3) The GOP wins not because their ideas are of the elite. They win because they get poor and middle class people to vote against their own interests. (And yes the media often helps by being incompetent/corrupt.) *That* is what we must fight. Well, among other things.
Oh, btw, are you an anarchist? Because if so, that’s a whole other conversation.
Oops, also, I can’t tell which comment on that comments page is the one you like. Does it have a number?
NCG. “Surgical application of force: that sounds like war. No thanks.” implies that you didn’t really read the post. Please do, and ask somebody to explain the metaphors involved.
Nice try. I did read it. Keep up the snark and I won’t make that mistake again.
Michael, here’s some more, from The Rude Pundit (http://rudepundit.blogspot.com/2011/11/this-is-not-your-fucking-movement-this.html). Again, I’m posting a long block, because I’d really like you to read this:
“This Is Not Your F*cking Movement; This Is Our F*cking Movement:
Let’s be honest here: the march this morning to shut down Wall Street was useless if its goal was to, well, shut down Wall Street. The New York Stock Exchange is, more or less, a show. Multi-million dollar financial transactions are not done by crazy, sweaty guys on a loud, chaotic floor. They’re done digitally. So whether or not the secretaries and junior fuckbag executives and janitors got into work didn’t stop a single transfer of funds from one rich asshole to another. It pissed off some people and got the cops more overtime.
But, as ever, as ever, since it’s started, everyone, from The Daily Show to Diane Rehm, right, left, and middle, has insisted that Occupy Wall Street conform to some readily defined paradigm of what a protest movement needs to be. Essentially, they are echoing something that Karl Rove drooled out the other day when he asked protesters at a speech he giving at Johns Hopkins University, “Who gave you the right to occupy America?” The real question is “Who took that right away?”
We are just two months into this. Two f*cking months after sucking up the shit given to us from the right for years. Two f*cking months after being part of the movement that propelled Obama into the presidency, only to see that movement dissolved and dissipated. Two f*cking months after watching two years of Tea Party bullsh*t being flaunted in our faces as if it represented anything but the height of corporate and conservative cynicism and manipulation.

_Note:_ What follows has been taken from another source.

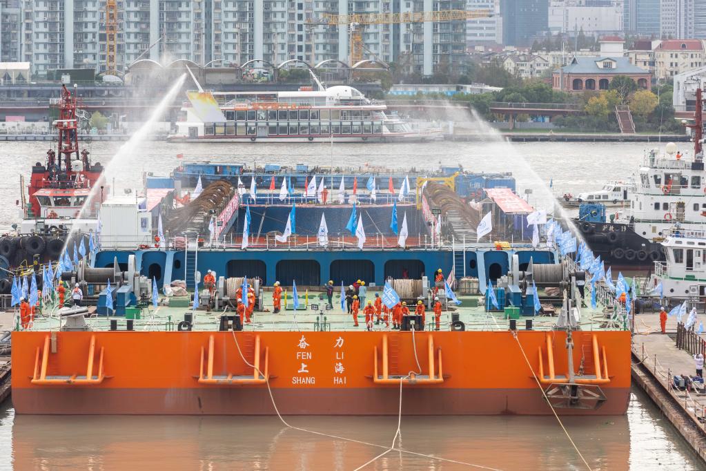 25日13時30分,“奮力”輪順利“入塢”,弧形梁考古沉箱精準安放于“馬鞍座”上,宣告長江口二號古船整體打撈遷移完成,接下來將啟動考古發掘、文物整體保護和博物館規劃建設工程。
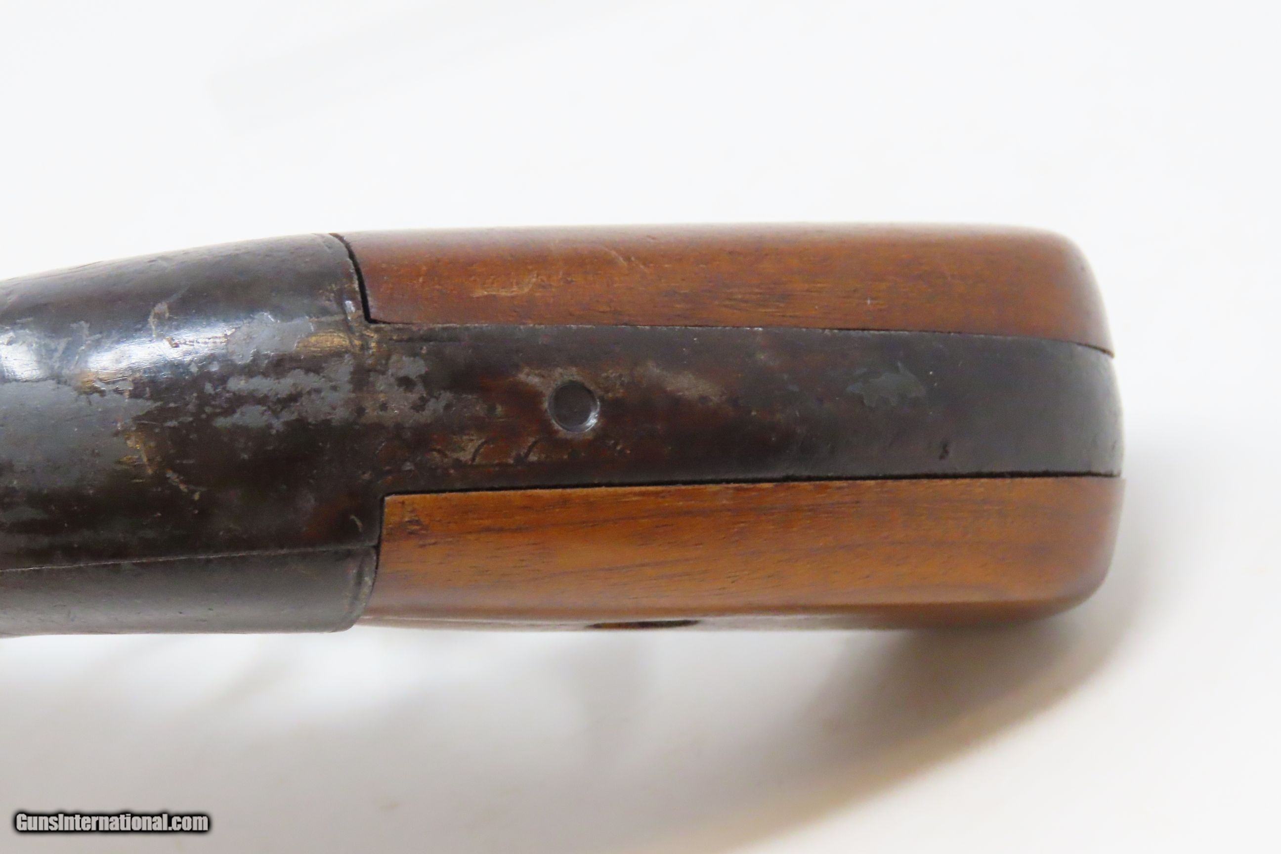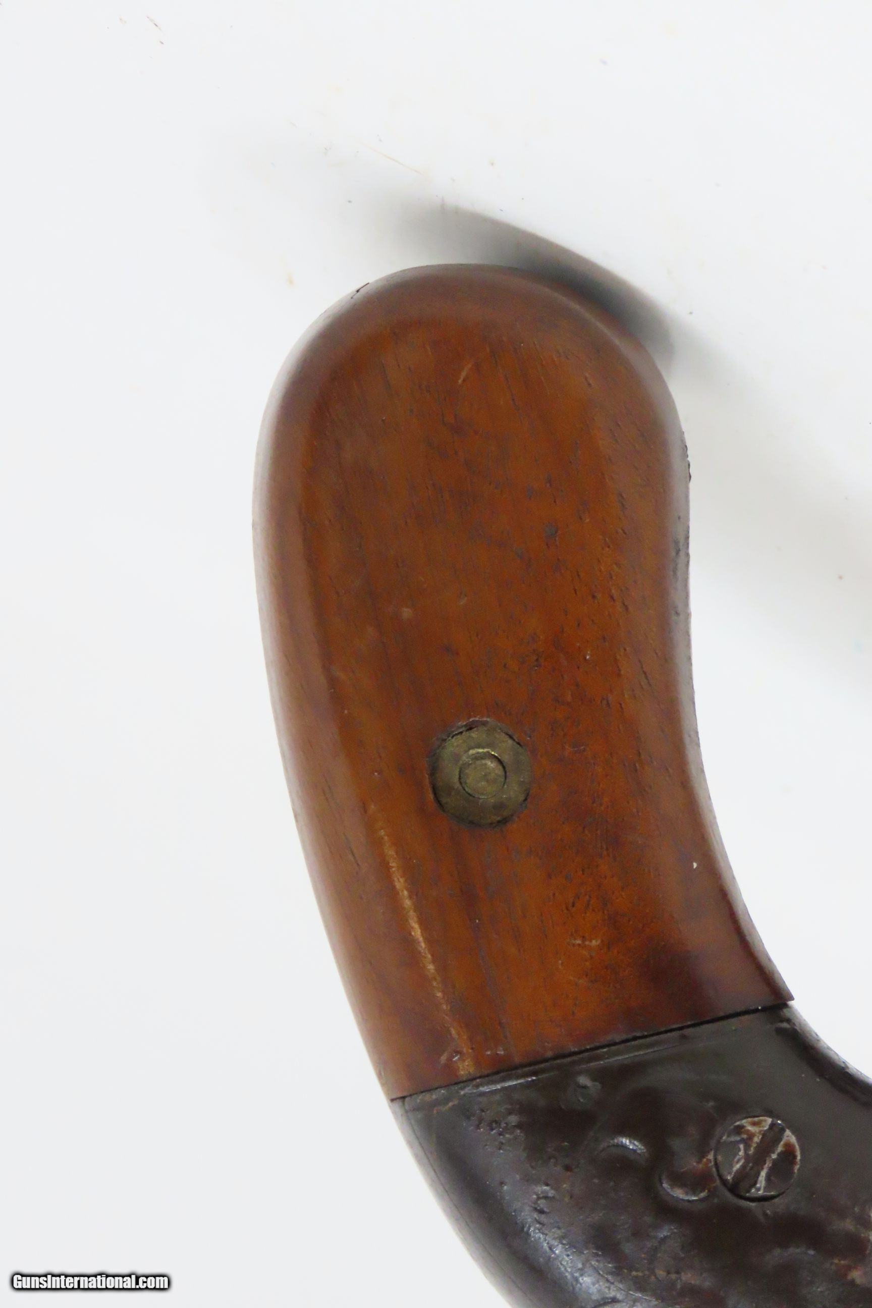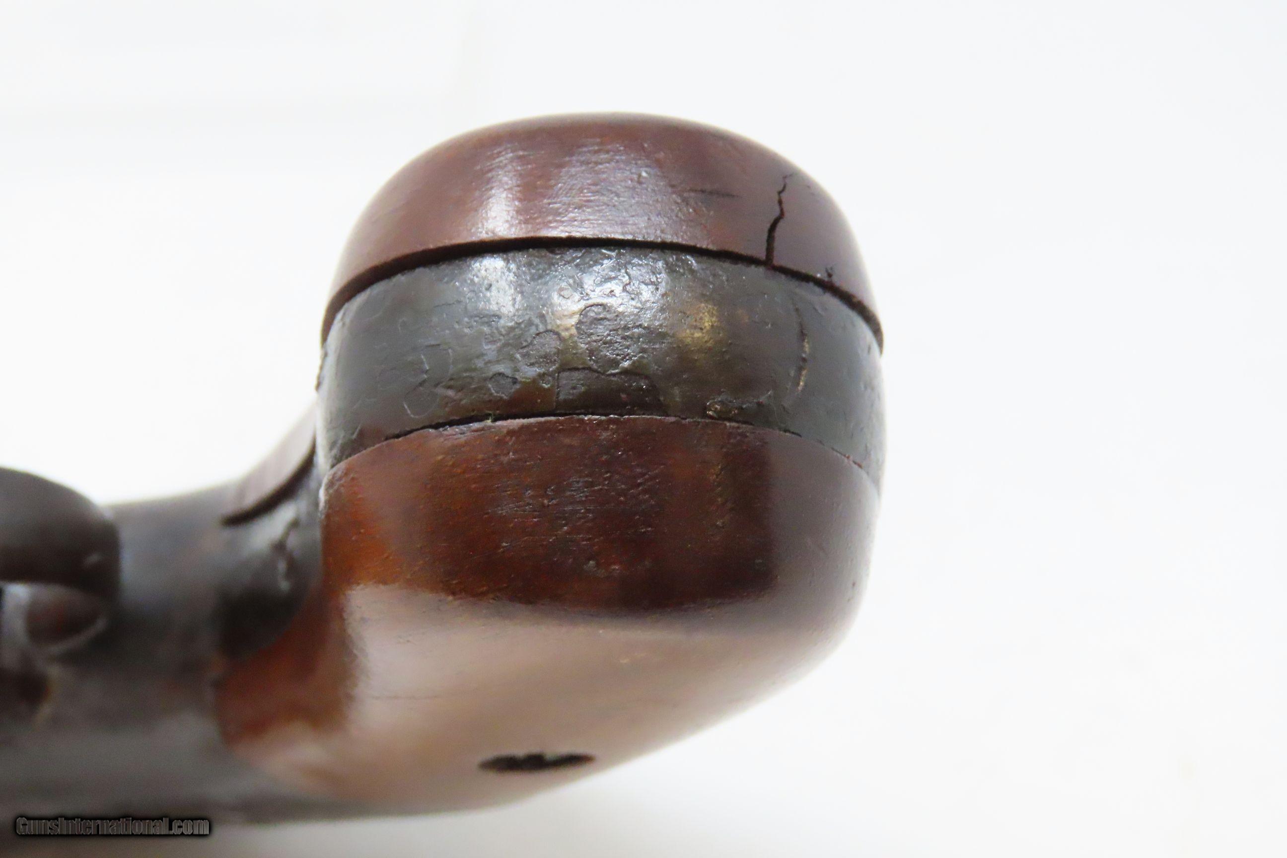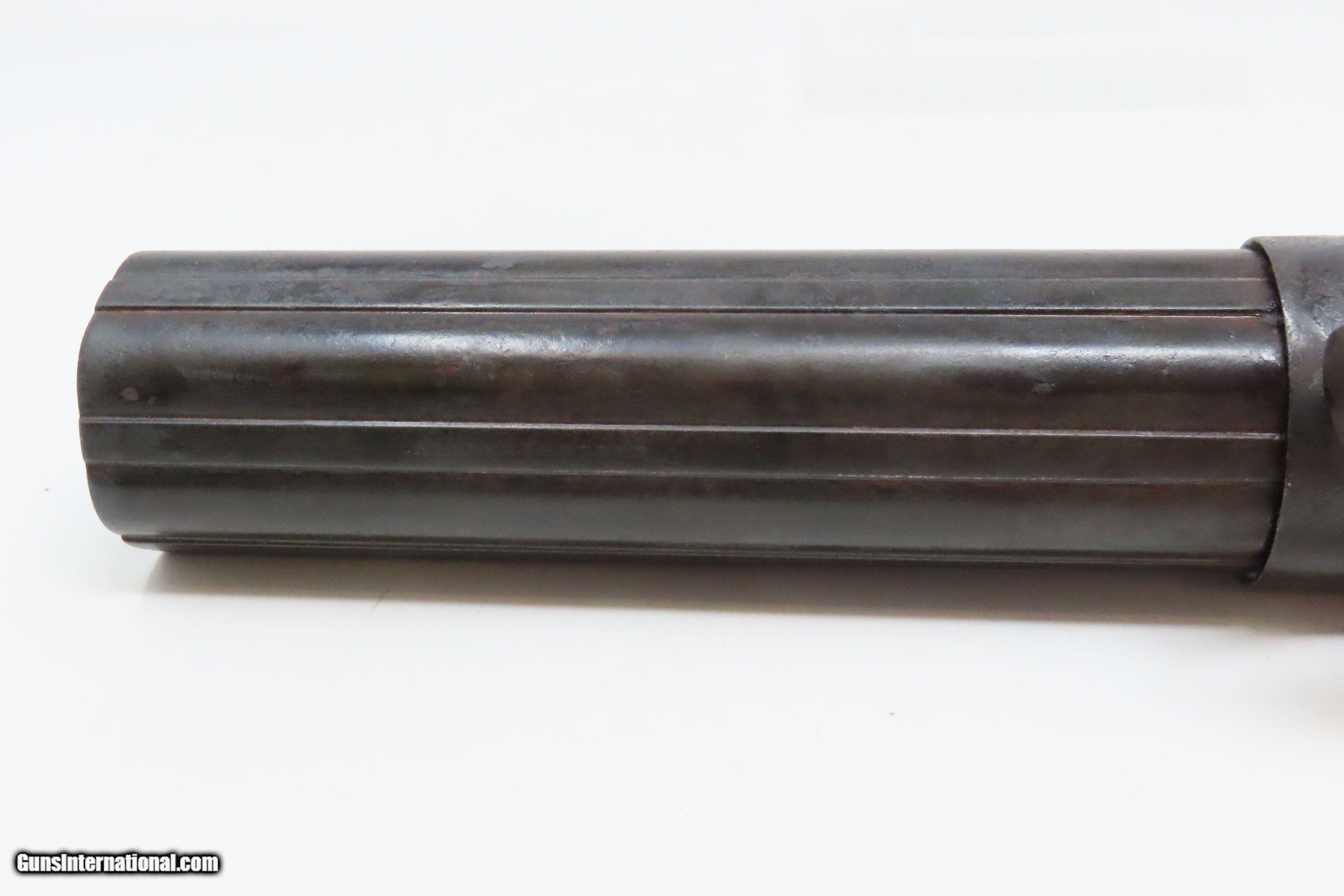 Description: GOLD RUSH Era ALLEN & THURBER Antique WORCHESTER Period Revolver PEPPERBOX ENGRAVED First DA Revolving Percussion Pistol Here we present an antique Allen & Thurber Bar Hammer 6-shot Percussion Pepperbox pistol made circa 1847 to 1856 in Worcester, Massachusetts. Only six-barrel pepperbox pistols were produced during the Grafton and Norwich periods (1837–1847), and all had smooth barrel external contours until the later Worchester and Allen and Wheelock period, when fluted barrels became the norm. Though this is a six shot, it was during the Worchester period that the five-shot pepperbox was introduced. Percussion nipples were integrated to the barrels. Made with a bar hammer and standard trigger, models have been encountered with or without an integral nipple shield. While simplifying shooting (no manual cocking of the hammer), the bar hammer did preclude the inclusion of usable sights. However, this early example of a double-action pistol must have been quite a selling point. As these were considered “point and shoot” short range defensive weapons or “belly guns”, the market did not seem to object to the limitation of not having sights. Ethan Allen was already a prolific inventor and successful businessman in the 1830s when he came up with this design. This percussion, six-shot, double-action pocket revolver was a very popular pistol that was produced in Worcester, Massachusetts. It’s a 36-caliber pepperbox with a revolving screw off fluted barrel and has factory engravings in a floral motif executed on both sides of the frame. Made from 1847-1856, these pistols enjoyed even greater popularity than Sam Colt’s first pistol. The history that these pistols enjoyed over the years is astounding: the Seminole Wars, Gold Rush, Mexican War and American Civil War. These guns are true relics of American history. The overall condition is good. The action functions, but the cylinder intermittently indexes. The bores are in good shape for their ages. Lightly engraved frame. Both grips are in good shape. This example has been refinished. “1837” dated barrels. Visible markings are legible. Own the original! This is a legitimate antique and not a reproduction. Barrel is 5-1/8 inches. Caliber: .36 Percussion Overall condition as seen in photos. Very Fast. Very Safe. FREE SHIPPING WORLDWIDE. Delivered directly to your door by express mail! Guaranteed AUTHENTIC & Includes CERTIFICATE OF AUTHENTICITY. ancestryguns $1200 #230989 SOLD Antique: Yes |

We are two months into this and everyone in the media is clamoring for closure. It took years for the civil rights movement to get laws changed. It took years for the anti-Vietnam War movement to get through the thick skulls of the majority of Americans. This is just starting. Welcome to the real occupation.
Right now, the whole Occupy Wall Street narrative arc is following a well-worn script: defiance of authority followed by a crackdown by the agents of the authority. The corrupt, illegal power of the police and the governments of New York, Oakland, and elsewhere has been on display, with the raid on Zuccotti Park and on encampments around the country, as well as attacks on media members from the right, left, and middle.

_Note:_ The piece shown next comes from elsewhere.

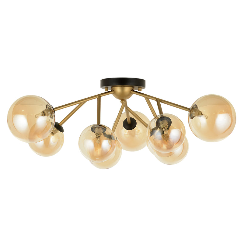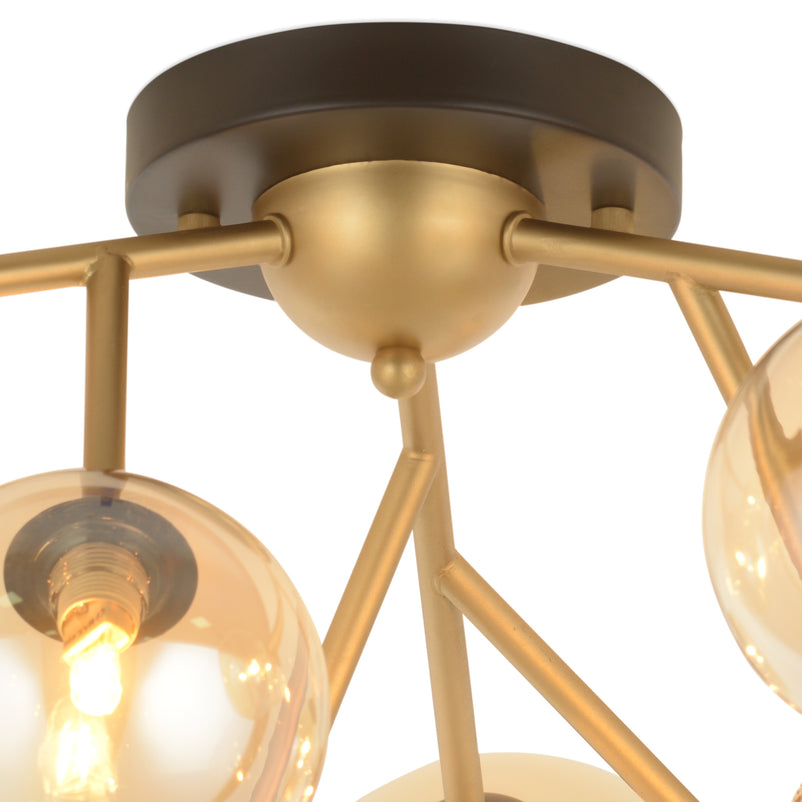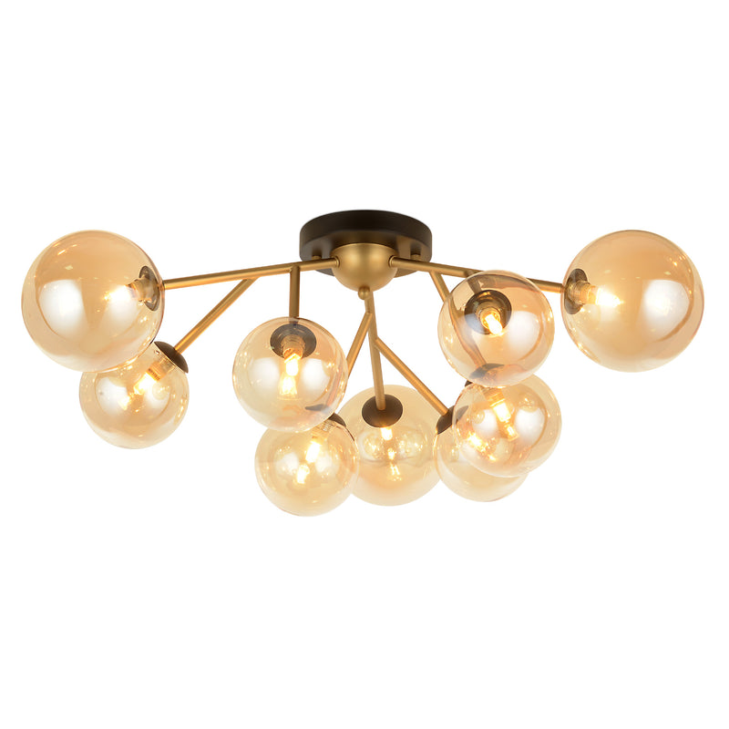 Plafonieră Midar. Corpul de iluminat din gama Midar este o alegere potrivită atât pentru un design clasic, cât și pentru unul modern. Piesa este confecționată din sticlă și metal, în culori elegante de auriu și negru.

The march this morning wasn’t going to do anything, despite the hopeful rumors that the stock market opening bell had been delayed (it wasn’t). No, the point was, like the rallies for Obama before them, that there is power in numbers. And that power needs to be exhibited and enacted.
When the Supreme Court, in the Citizens United decision, said that corporations are people with First Amendment rights and affirmed that money is the equivalent of speech, it essentially was saying that some people have more speech than others. The wealthy and the corporations can never be matched in terms of the speech effect of their dollars. But they can be matched and overcome by the sheer volume of people. That’s why we say we are the 99%.”